Le gouvernement australien soumet au Parlement son Incentive de négociation des informations et le projet de paiements au journalisme, relançant le transfert d’une partie de la valeur créée par les grandes plateformes vers la production nationale. Le texte est finalisé par l’exécutif mais requiert encore l’approbation parlementaire; charges, compensations et règles de distribution ne sont donc pas encore obligatoires.
Le modèle veut rendre les accords commerciaux moins coûteux que le refus de négocier. Une plateforme couverte sans contrats admissibles paierait 2,5% de ses recettes publicitaires numériques australiennes. Les paiements des accords acceptés compenseraient cette dette, tandis qu’un retrait total entraînerait un coût effectif supérieur et que les sommes perçues seraient redistribuées au secteur de l’information.
La structure finale impose des accords avec au moins huit entreprises de médias australiennes distinctes. Elle rétablit aussi un plafond: aucun contrat ne pourra représenter plus de 25% de la dette totale d’une plateforme. Nombre minimum et part maximale visent à empêcher quelques grands éditeurs d’absorber l’essentiel de la valeur disponible à travers une poignée d’accords concentrés.
Cinq pour cent des sommes effectivement levées iraient à Australian Associated Press, agence nationale à but non lucratif fournissant textes, photos et vidéos aux médias du pays. Le système double de 10% à 20% la pondération accordée aux journalistes régionaux, petits et moyens éditeurs et médias de communautés sous-représentées, et prévoit des subventions pour les publications et jeunes entreprises sous 150 000 dollars australiens de recettes annuelles.
Le gouvernement a réduit l’assiette, des recettes australiennes générales d’un groupe à la publicité numérique, tout en relevant le taux de 2,25% à 2,5%. Les réseaux professionnels ne sont plus exclus, intégrant LinkedIn aux côtés de Google, Meta et TikTok. Les services d’intelligence artificielle générative restent hors du projet et seront traités séparément par la politique du droit d’auteur.

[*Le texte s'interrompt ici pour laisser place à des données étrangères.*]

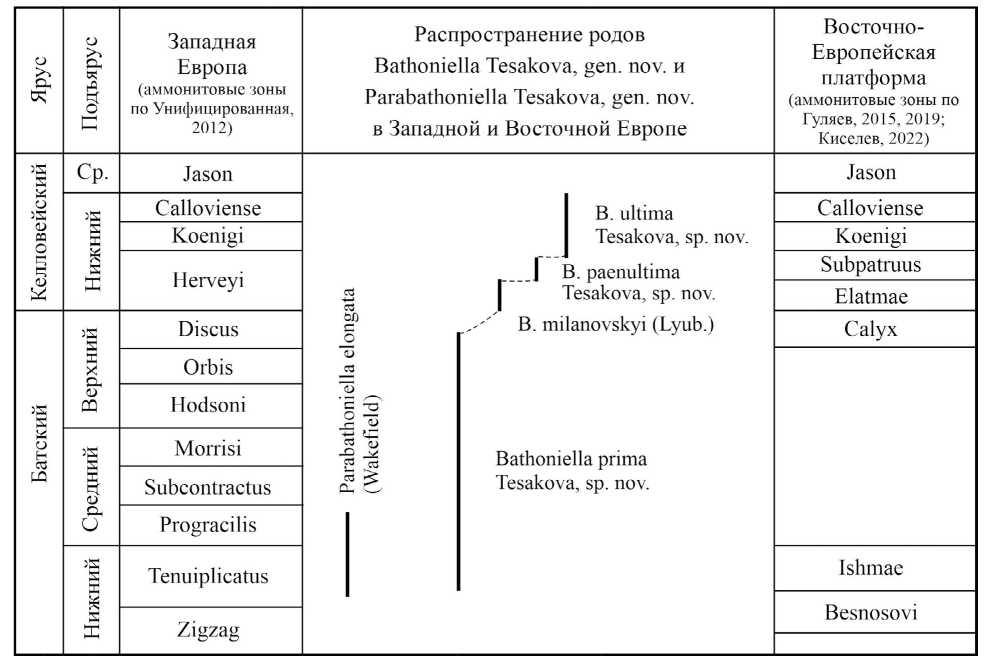 К моноспецифическому роду Parabathoniella Tesakova, gen. nov. отнесен B. elongata (Wakefield, 1994) из верхней части нижнего–среднего бата Внутренних Гебрид, Шотландия (условно зоны Tenuiplicatus–Progracilis).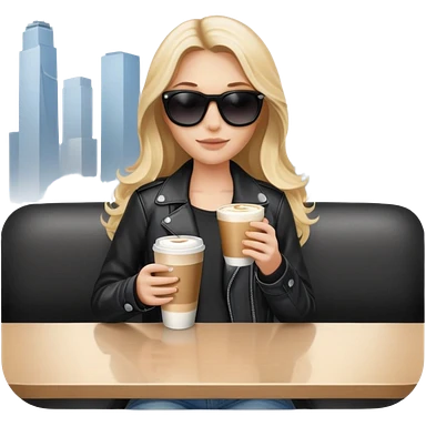 blonde woman with long hair, in black sunglasses, holding a latte in her hand, in jeans and a black leather jacket emoji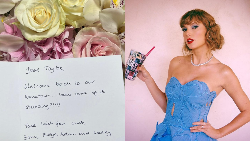 Taylor, por sua vez, compartilhou uma foto do presente em suas redes sociais e mencionou em sua legenda: “Já estou sentindo a hospitalidade irlandesa! U2, obrigada por sempre serem os mais elegantes e legais”.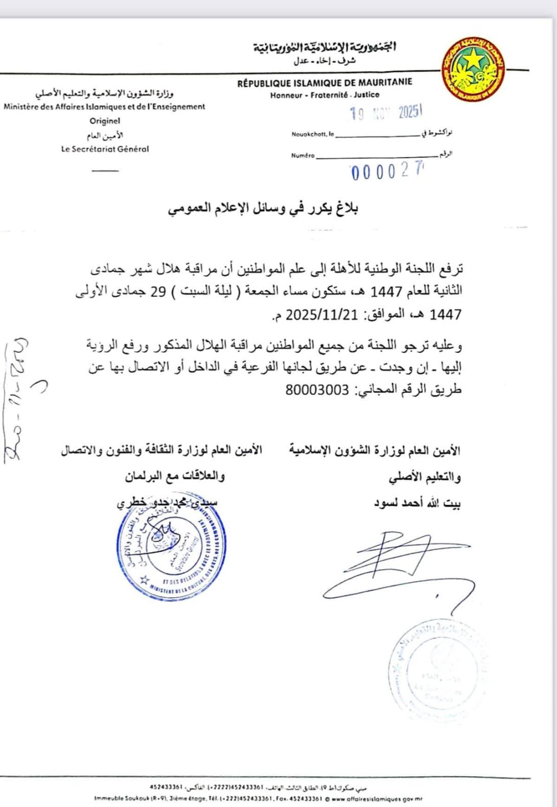 دعت اللجنة المركزية لمراقبة الأهلة المواطنين على كافة التراب الوطني إلى مراقبة شهر هلال جمادي الثانية للعام الهجري 1447.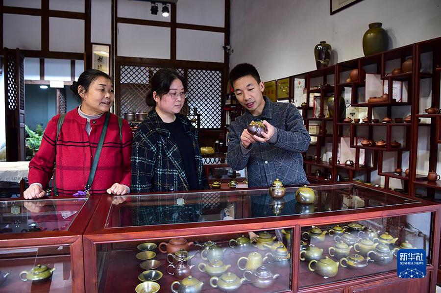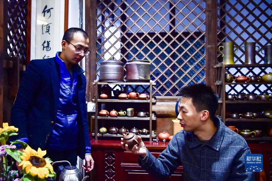 10月22日,吕继成(右一)在向前来工作室参观的游客介绍陶壶作品。新华社记者王全超摄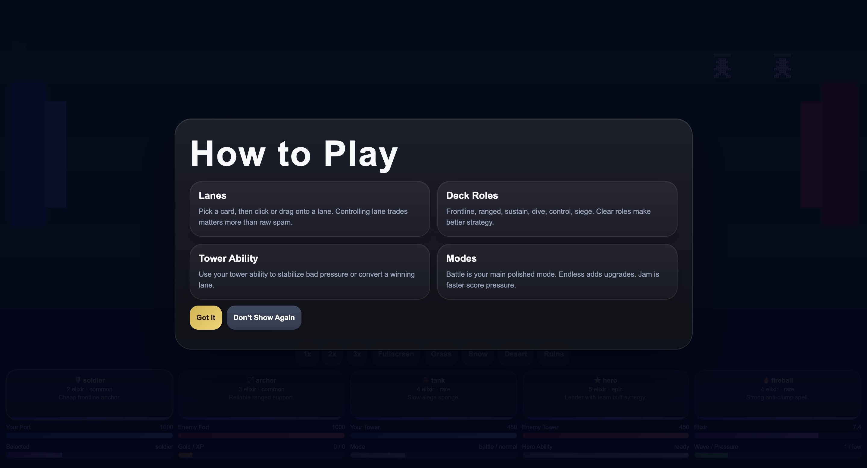 Build a focused deck, deploy units across three lanes, defend your tower, and break through enemy pressure before the realm overwhelms you. Each card has a clear role, from sturdy frontliners and ranged supports to assassins, siege units, control casters, and sustain tools. Winning is about timing, lane control, and smart elixir use, not blind spam.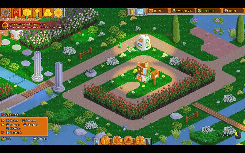 • Desbloqueie centenas de tipos de superfícies e itens para construir e expandir seu jardim. Escolha seu próprio ritmo e atividades, desde desenvolver novas áreas até avançar na história ou simplesmente aproveitar sua criação.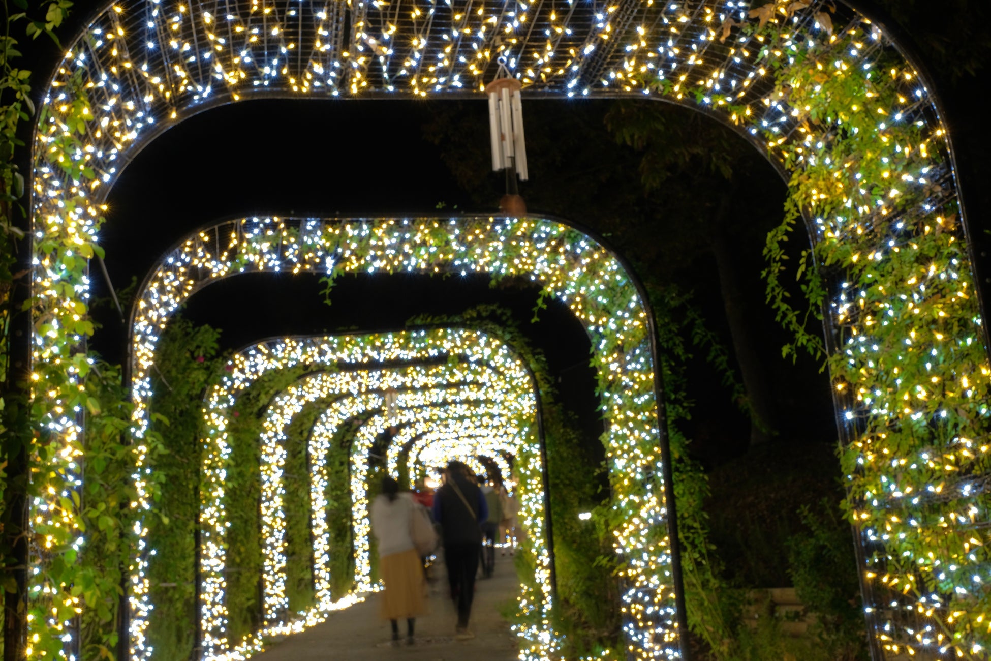 園内に入ると、最初に現れるのが、約60メートルに及ぶ光の回廊。バラのトンネルを装飾したキラキラと輝く回廊で、光に包まれながら奥にいざなわれると、別世界へとトリップした気分に。

Le code initial de 2021 avait poussé Google et Meta à conclure des accords avec les éditeurs australiens et autorisait un arbitrage public en cas d’échec. Le régime a été repensé après l’annonce par Meta de l’arrêt de ses paiements en Australie et ailleurs. Le nouvel incentive supprime la possibilité de se retirer sans coût, tout en laissant les prix à des contrats privés plutôt qu’à un tarif uniforme.
Le compromis ne satisfait pleinement aucun camp. Les éditeurs estiment que limiter l’assiette à la publicité réduit l’enveloppe et peut menacer les emplois, malgré le taux et la diffusion élargis. Les groupes technologiques contestent une charge obligatoire et le paiement de services au-delà de l’usage direct des informations. Le gouvernement défend un lien plus précis entre actualité, audience et revenus publicitaires.
Le débat parlementaire dira si le dispositif reste intact et quand il commence. Il faudra voir quelles plateformes franchissent les seuils, si elles signent huit accords réellement distincts, la valeur et la durée des contrats et les sommes allant aux petits médias régionaux. Jusqu’à l’adoption et l’application, le projet est une architecture réglementaire négociée, pas un transfert achevé.